Herr Dr. Sackl, letzte Woche haben wir über den Grauen Star gesprochen. Diesmal ist der
Grüne Star an der Reihe. Die Namen sind sehr ähnlich. Gilt das auch für die Krankheiten?
Absolut nicht. Vielmehr handelt es sich um zwei ganz unterschiedliche Erkrankungen des Auges. Vom
Grünen Star, der in der Fachsprache auch Glaukom genannt wird, spricht man, wenn der Sehnerv
beschädigt ist und normalerweise sind dabei immer beide Augen betroffen. Hingegen kann sich der
Graue Star auf ein Auge beschränken.

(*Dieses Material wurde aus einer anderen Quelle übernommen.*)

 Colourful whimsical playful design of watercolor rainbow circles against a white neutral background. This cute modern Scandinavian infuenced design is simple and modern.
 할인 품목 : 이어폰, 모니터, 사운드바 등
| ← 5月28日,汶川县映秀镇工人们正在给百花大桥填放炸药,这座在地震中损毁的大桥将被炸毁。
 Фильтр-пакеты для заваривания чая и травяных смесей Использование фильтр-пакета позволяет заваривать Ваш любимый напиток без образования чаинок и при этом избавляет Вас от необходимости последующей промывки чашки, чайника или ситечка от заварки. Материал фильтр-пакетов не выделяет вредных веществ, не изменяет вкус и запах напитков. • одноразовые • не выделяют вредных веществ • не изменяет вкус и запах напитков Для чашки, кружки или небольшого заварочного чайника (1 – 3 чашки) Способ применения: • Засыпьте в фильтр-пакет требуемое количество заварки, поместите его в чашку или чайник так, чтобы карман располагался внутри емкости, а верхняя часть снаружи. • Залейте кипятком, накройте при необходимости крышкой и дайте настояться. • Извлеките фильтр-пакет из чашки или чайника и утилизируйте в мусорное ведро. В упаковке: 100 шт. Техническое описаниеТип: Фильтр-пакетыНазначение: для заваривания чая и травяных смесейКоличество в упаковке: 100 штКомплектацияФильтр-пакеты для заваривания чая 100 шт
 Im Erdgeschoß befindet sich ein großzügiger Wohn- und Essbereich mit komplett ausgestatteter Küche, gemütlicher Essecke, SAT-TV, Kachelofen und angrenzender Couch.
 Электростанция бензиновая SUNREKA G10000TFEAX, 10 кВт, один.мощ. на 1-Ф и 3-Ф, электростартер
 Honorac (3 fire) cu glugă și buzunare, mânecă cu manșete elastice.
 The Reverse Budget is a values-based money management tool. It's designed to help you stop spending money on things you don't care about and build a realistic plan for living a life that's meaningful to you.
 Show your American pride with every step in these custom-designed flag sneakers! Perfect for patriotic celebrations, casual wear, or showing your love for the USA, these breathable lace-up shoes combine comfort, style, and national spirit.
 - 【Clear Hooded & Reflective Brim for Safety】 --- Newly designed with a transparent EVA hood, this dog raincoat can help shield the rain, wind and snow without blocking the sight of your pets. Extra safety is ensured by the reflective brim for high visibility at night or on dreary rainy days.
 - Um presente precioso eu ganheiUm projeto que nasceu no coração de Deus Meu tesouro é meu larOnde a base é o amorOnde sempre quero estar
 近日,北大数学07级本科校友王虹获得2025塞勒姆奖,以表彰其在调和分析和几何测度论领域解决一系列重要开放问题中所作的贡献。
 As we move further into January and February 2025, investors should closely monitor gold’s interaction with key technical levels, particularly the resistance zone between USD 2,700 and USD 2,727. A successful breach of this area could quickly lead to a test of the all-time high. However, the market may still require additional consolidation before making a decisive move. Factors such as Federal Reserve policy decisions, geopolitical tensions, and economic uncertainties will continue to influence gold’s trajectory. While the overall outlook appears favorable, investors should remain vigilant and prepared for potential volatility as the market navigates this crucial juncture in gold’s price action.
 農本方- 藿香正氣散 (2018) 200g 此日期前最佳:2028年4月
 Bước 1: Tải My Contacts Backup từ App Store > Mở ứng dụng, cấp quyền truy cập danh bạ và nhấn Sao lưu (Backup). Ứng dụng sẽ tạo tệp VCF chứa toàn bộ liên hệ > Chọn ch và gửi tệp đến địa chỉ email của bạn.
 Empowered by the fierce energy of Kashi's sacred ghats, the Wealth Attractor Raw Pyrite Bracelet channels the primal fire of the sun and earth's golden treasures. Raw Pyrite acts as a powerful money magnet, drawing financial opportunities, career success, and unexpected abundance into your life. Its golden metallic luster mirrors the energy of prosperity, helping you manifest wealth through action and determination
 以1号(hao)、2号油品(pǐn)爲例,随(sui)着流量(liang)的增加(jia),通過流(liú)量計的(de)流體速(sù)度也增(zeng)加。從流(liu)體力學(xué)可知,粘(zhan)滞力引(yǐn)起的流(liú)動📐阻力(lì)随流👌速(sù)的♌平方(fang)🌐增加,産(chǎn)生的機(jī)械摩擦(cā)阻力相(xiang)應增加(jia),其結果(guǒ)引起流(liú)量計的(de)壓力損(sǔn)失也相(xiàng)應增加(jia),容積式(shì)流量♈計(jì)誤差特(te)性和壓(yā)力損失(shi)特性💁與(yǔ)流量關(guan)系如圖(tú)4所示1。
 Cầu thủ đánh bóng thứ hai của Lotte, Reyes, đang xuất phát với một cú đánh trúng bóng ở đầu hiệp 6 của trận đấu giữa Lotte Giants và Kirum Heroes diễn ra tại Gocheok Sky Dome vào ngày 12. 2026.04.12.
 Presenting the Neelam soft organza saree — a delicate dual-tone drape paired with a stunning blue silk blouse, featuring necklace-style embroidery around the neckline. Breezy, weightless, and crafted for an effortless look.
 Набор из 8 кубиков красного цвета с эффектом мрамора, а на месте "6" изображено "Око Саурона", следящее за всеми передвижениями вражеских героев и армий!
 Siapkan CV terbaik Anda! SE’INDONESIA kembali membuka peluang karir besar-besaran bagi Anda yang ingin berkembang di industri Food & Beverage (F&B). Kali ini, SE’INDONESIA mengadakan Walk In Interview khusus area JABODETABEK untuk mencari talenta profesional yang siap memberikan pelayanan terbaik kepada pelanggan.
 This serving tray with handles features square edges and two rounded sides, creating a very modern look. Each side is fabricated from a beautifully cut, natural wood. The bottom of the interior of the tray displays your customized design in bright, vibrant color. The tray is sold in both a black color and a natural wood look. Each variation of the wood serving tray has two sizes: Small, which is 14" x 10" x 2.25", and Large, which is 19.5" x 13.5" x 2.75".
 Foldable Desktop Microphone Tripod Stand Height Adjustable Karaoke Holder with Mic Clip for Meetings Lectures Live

Außerdem ist dabei nicht der Sehnerv beschädigt, sondern die
an sich klare Augenlinse eingetrübt.
Gibt es denn gar keine Gemeinsamkeiten?
Abgesehen davon, dass sowohl Graue, als auch Grüne Stare sehr häufig vorkommen, können beide
Augenkrankheiten zur Erblindung führen. Allerdings besteht beim Grünen Star – im Gegensatz zum
Grauen – keine Chance auf Heilung. Der Grüne Star ist eine gefürchtete Erkrankung des Auges, doch
leider ist er noch zu wenig bekannt. Das Heimtückische an dieser Krankheit ist, dass die Patienten
den Grünen Star erst sehr spät bzw. um genau zu sein, zu spät wahrnehmen und bemerken.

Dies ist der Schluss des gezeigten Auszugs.